Formal prerequisites require taking the following courses
Satisfy one of the following:
Satisfy one of the following:
Undergraduate Semester level MATH 2605 Minimum Grade of D
Undergraduate Semester level MATH 2401 Minimum Grade of D (or T)
Undergraduate Semester level MATH 2411 Minimum Grade of D (or T)
Undergraduate Semester level MATH 1553 Minimum Grade of D (or T)
Undergraduate Semester level MATH 1554 Minimum Grade of D (or T)
Undergraduate Semester level MATH 1564 Minimum Grade of D (or T)
Academic Integrity
Academic dishonesty will not be tolerated. This includes cheating, lying about course matters, plagiarism, or helping others commit a violation of the Honor Code. Plagiarism includes reproducing the words of others without both the use of quotation marks and citations. Students are reminded of the obligations and expectations associated with the Georgia Tech Academic Honor Code and Student Code of Conduct, available online at www.honor.gatech.edu. For exams, no supporting materials are allowed (notes, calculators, phones, etc).
You are expected to implement the core components of each project on your own, but the extra credit opportunities may build on third party data sets or code. That’s acceptable. Feel free to include results built on other software, as long as what you hand in clearly cites the third-party source, making it clear it is not your own work.

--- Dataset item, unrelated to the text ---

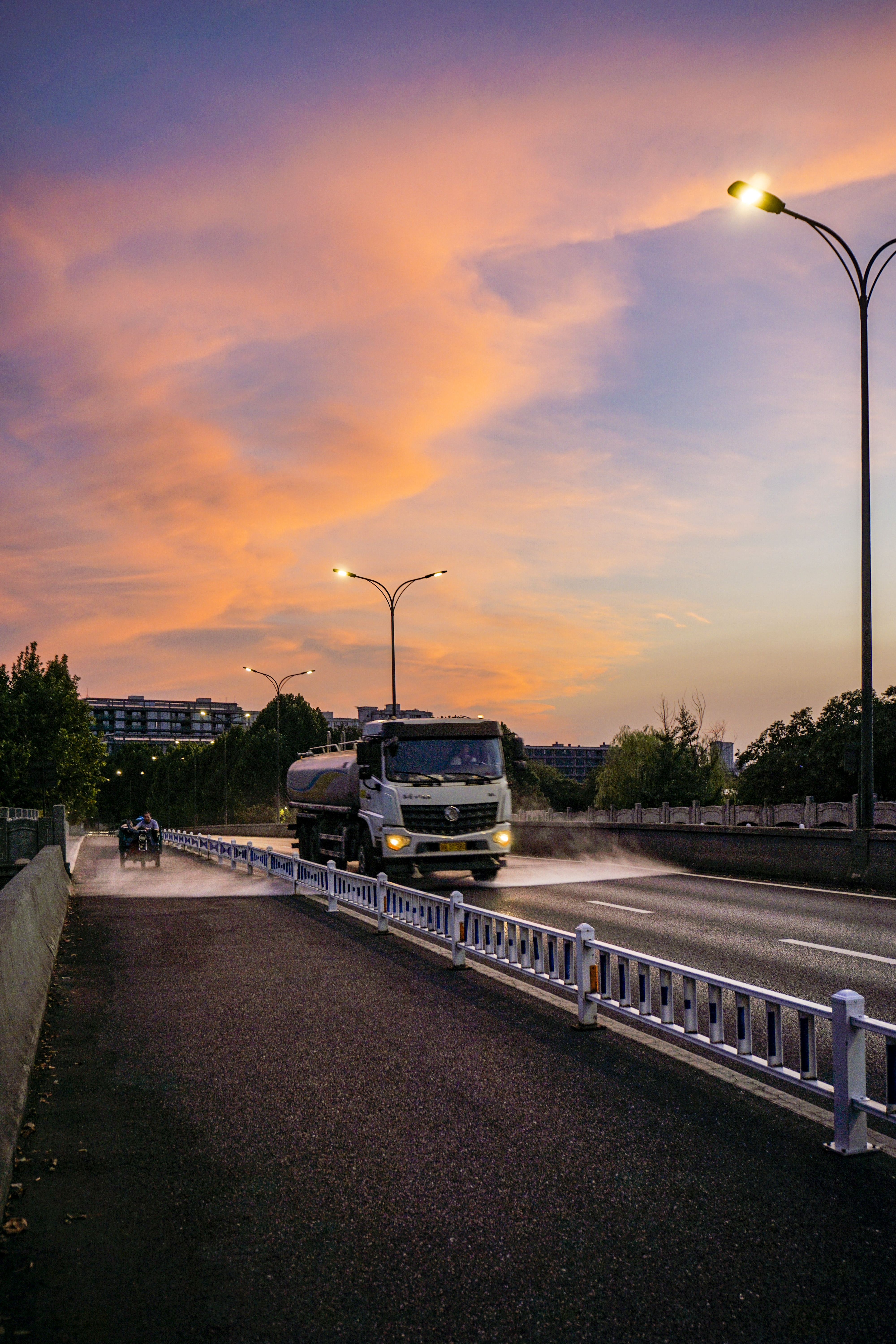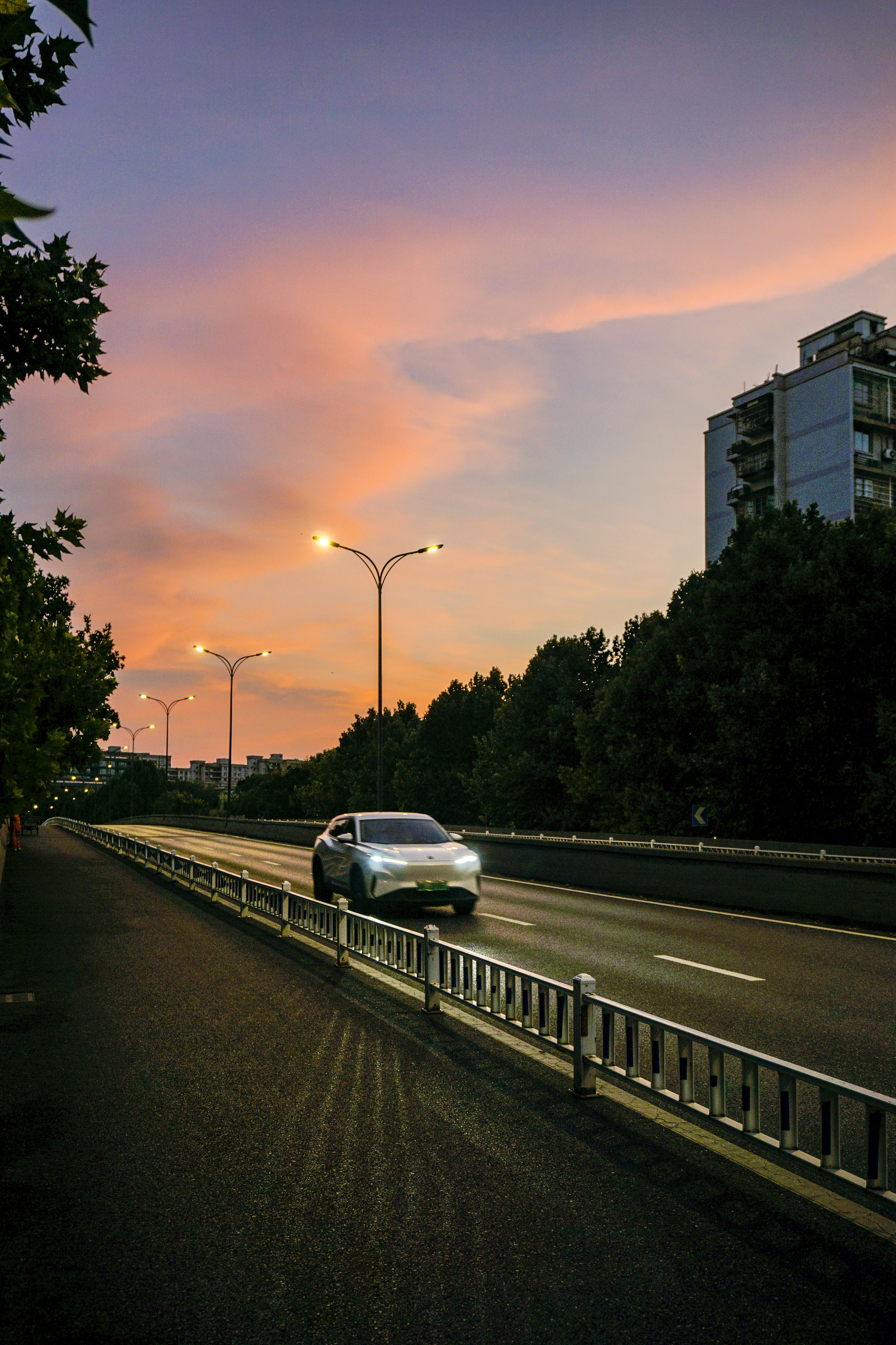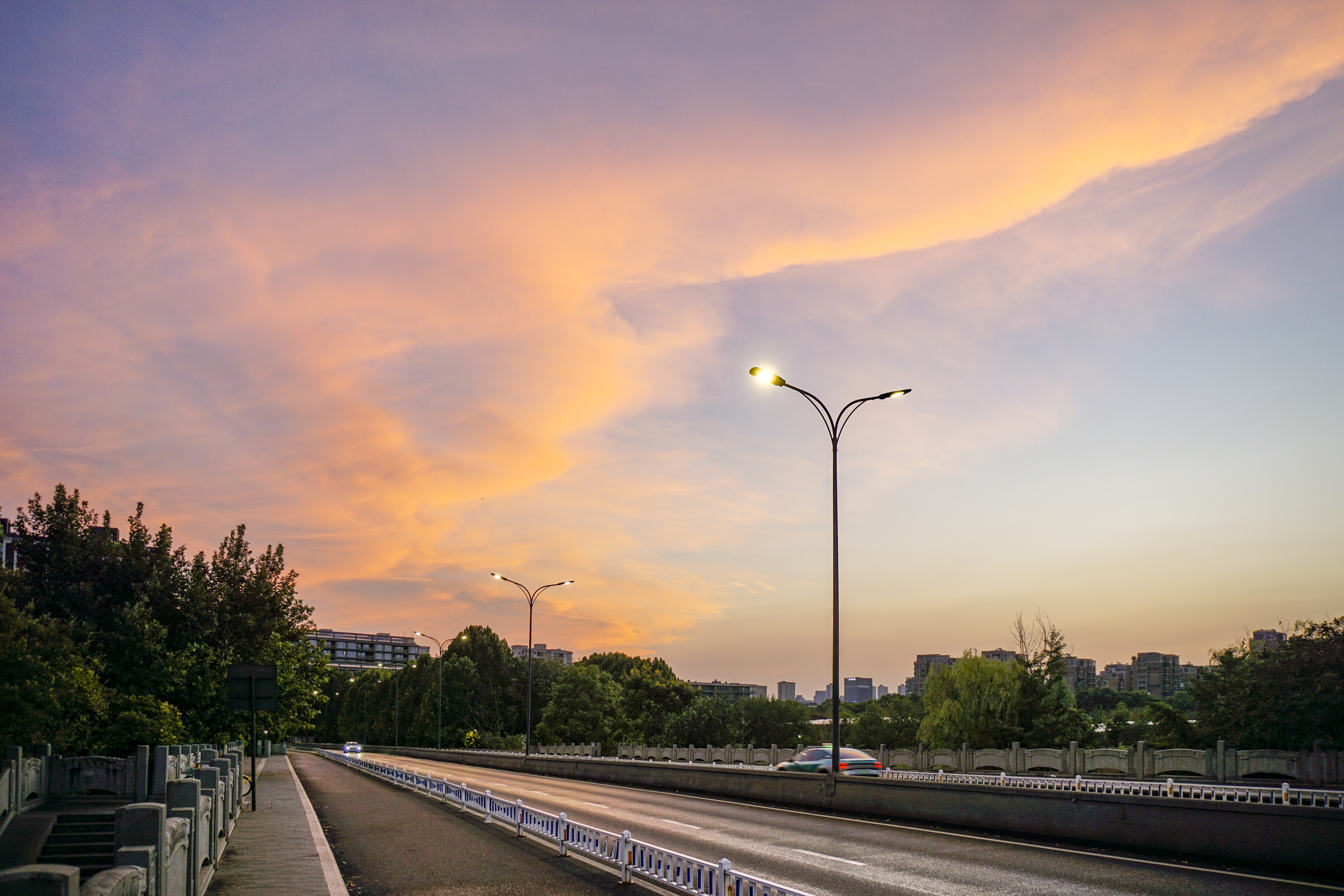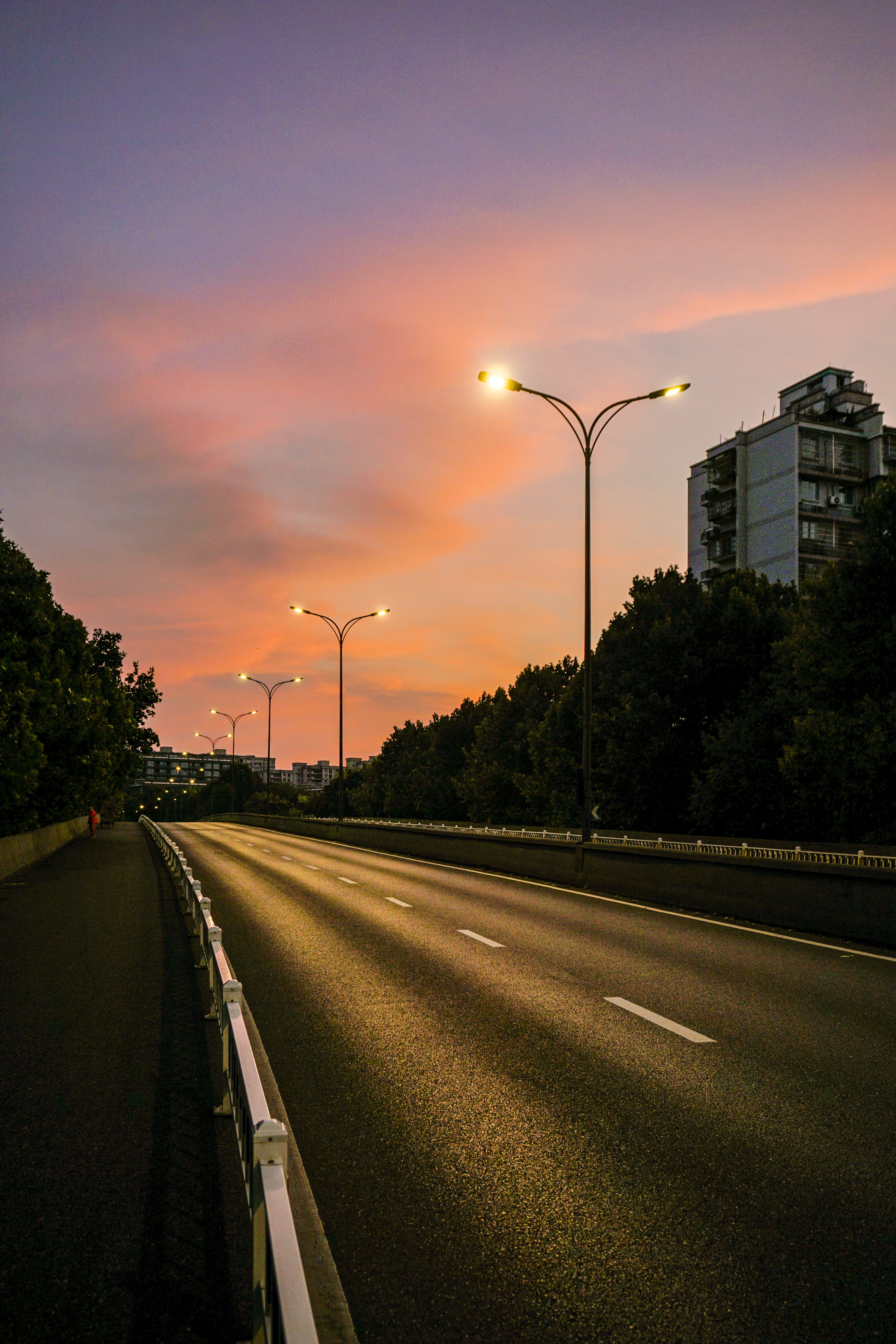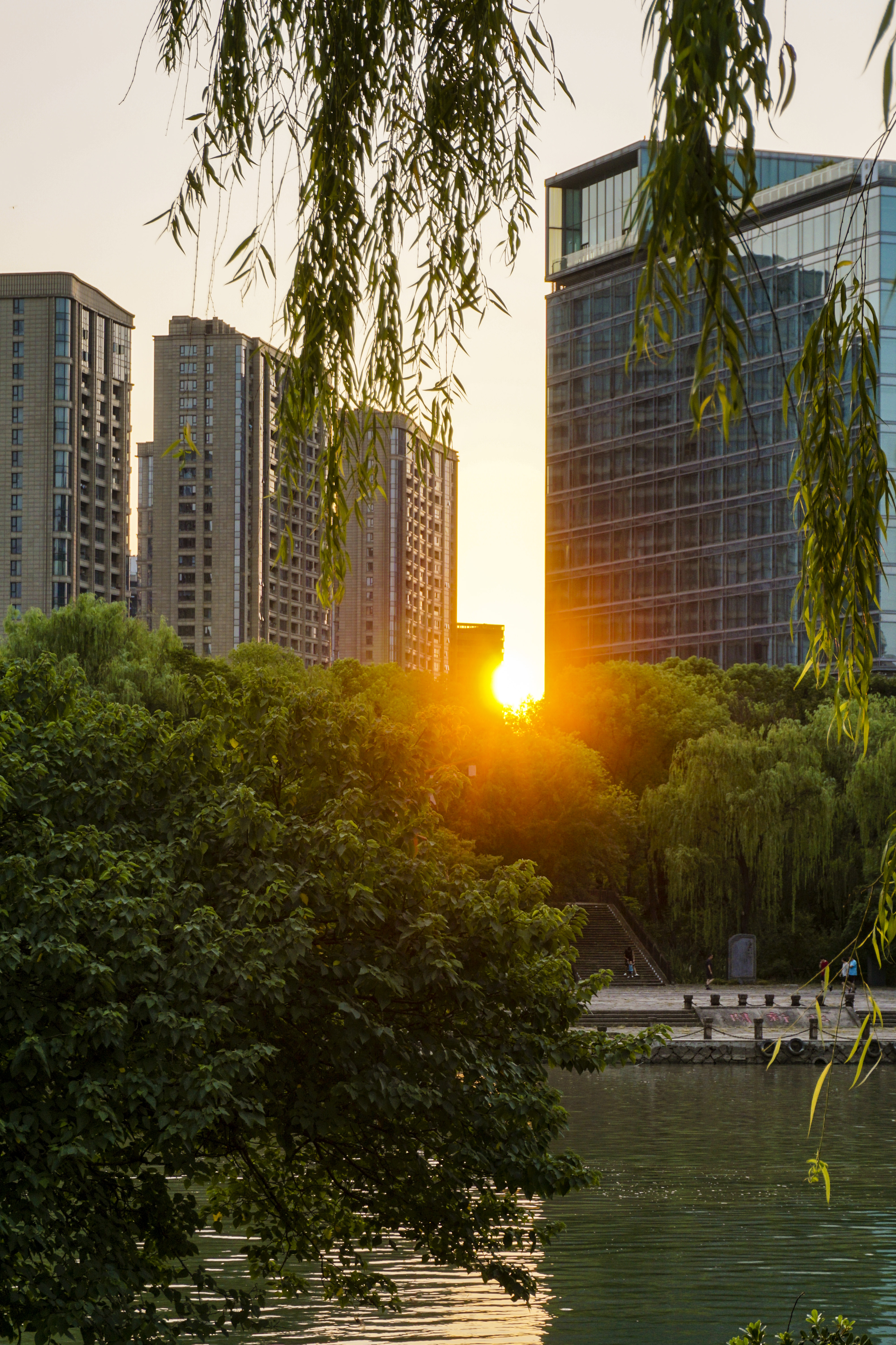静谧的清晨,勤俭桥上红霞满天,康家桥,初升太阳贴着建筑夹缝喷薄而出。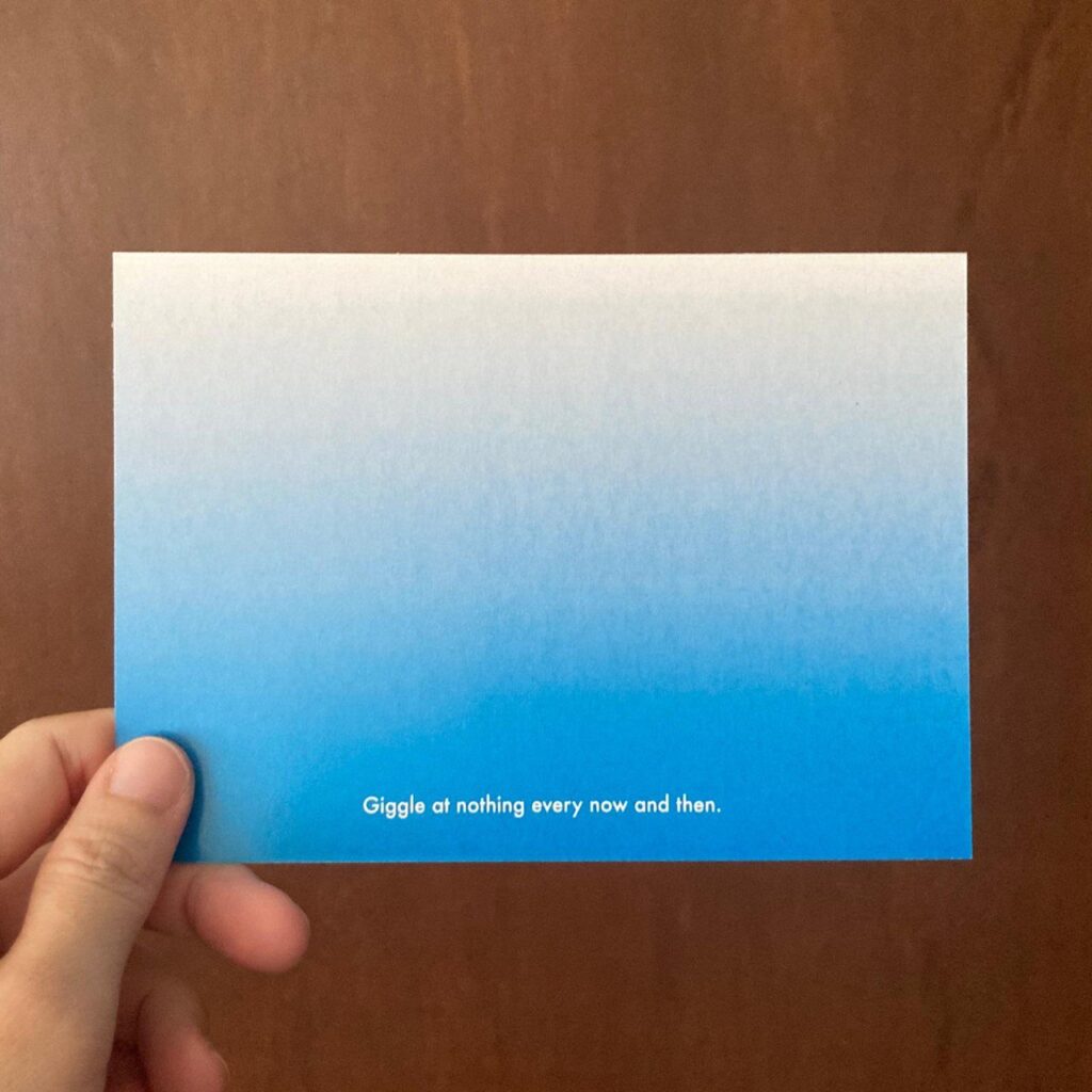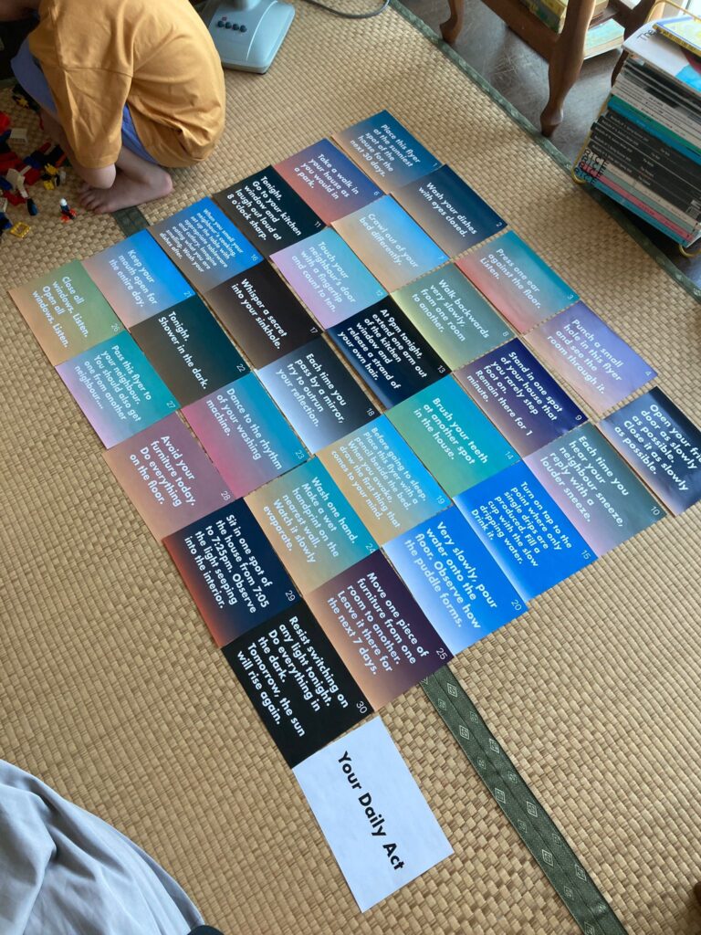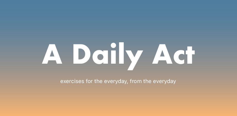 A Daily Act focuses on everyday, mundane life occurrences. Participants are encouraged to explore the emotional nuances of their daily routines, whether at home or on the streets. As they go about a regular day, some individuals may encounter instructions; they may walk past them on their way to the train station or pause to observe a postcard while enjoying their coffee. Over time, these prompts may lead their perceptions to shift, senses to sharpen and movements to become more deliberate.

You should not view or edit anyone else’s code. You should not post code to Piazza, except for starter code / helper code that isn’t related to the core project.
Learning Accommodations
If needed, we will make accommodations for students with documented disabilities. These accommodations must be arranged in advance and in accordance with the ADAPTS office policies (www.adapts.gatech.edu).
Important Links:
Piazza. This should be your first stop for questions and announcements.
canvas.gatech.edu will be used to take quizzes, view grades, and view assignments.
Gradescope will be used to hand in assignments.
Grading
Problem Sets (90% final grade)
6 problem sets each worth 15% of your final grade.
Quizzes (10% final grade)
There will be 2 Quizzes each worth 5% of your final grade.
Quizzes will taken through canvas, open notes, but timed.
Pass/Fail: If you wish to take the course pass/fail you need to obtain >=70% total across all assignments and exams.
Auditing: Auditing will not be permitted this semester due to the online course format. However, course content will mainly be accessible on this website with gatech credentials.
Calculate your grade
We will use the following cutoffs: >=90 (A), >=80 (B), >=70 (C), >=60 (D), <60 F
Due Dates
All problem sets/reports are to be submitted by the due date noted on the assignment. Deadlines are firm. Anything from 1 second to 24 hours is one day late.
Late Day Policy
Throughout the term, you have an allowance of four seven (as of 3/12/21) free late days for your submissions, meaning you can accrue up to four days in late submissions with no penalty. For example, you could turn in one assignment four days late, or four problem sets each one day late. Once you have used all your free late days, a late submission will not be accepted and will be awarded 0 credit. Please plan ahead so you can spend your late days wisely. In particular, note that we expect you will find the earlier assignments easier than those later in the course. A submission is considered one day late if is submitted 1 second to 24 hours late.
Acknowledgements
The materials from this class rely significantly on slides prepared by other instructors, especially Devi Parikh, Frank Dellaert, Kristen Grauman, David Fouhey, James Hays, Derek Hoiem and Svetlana Lazebnik. Each slide set and assignment contains acknowledgements. Feel free to use these slides for academic or research purposes, but please maintain all acknowledgements.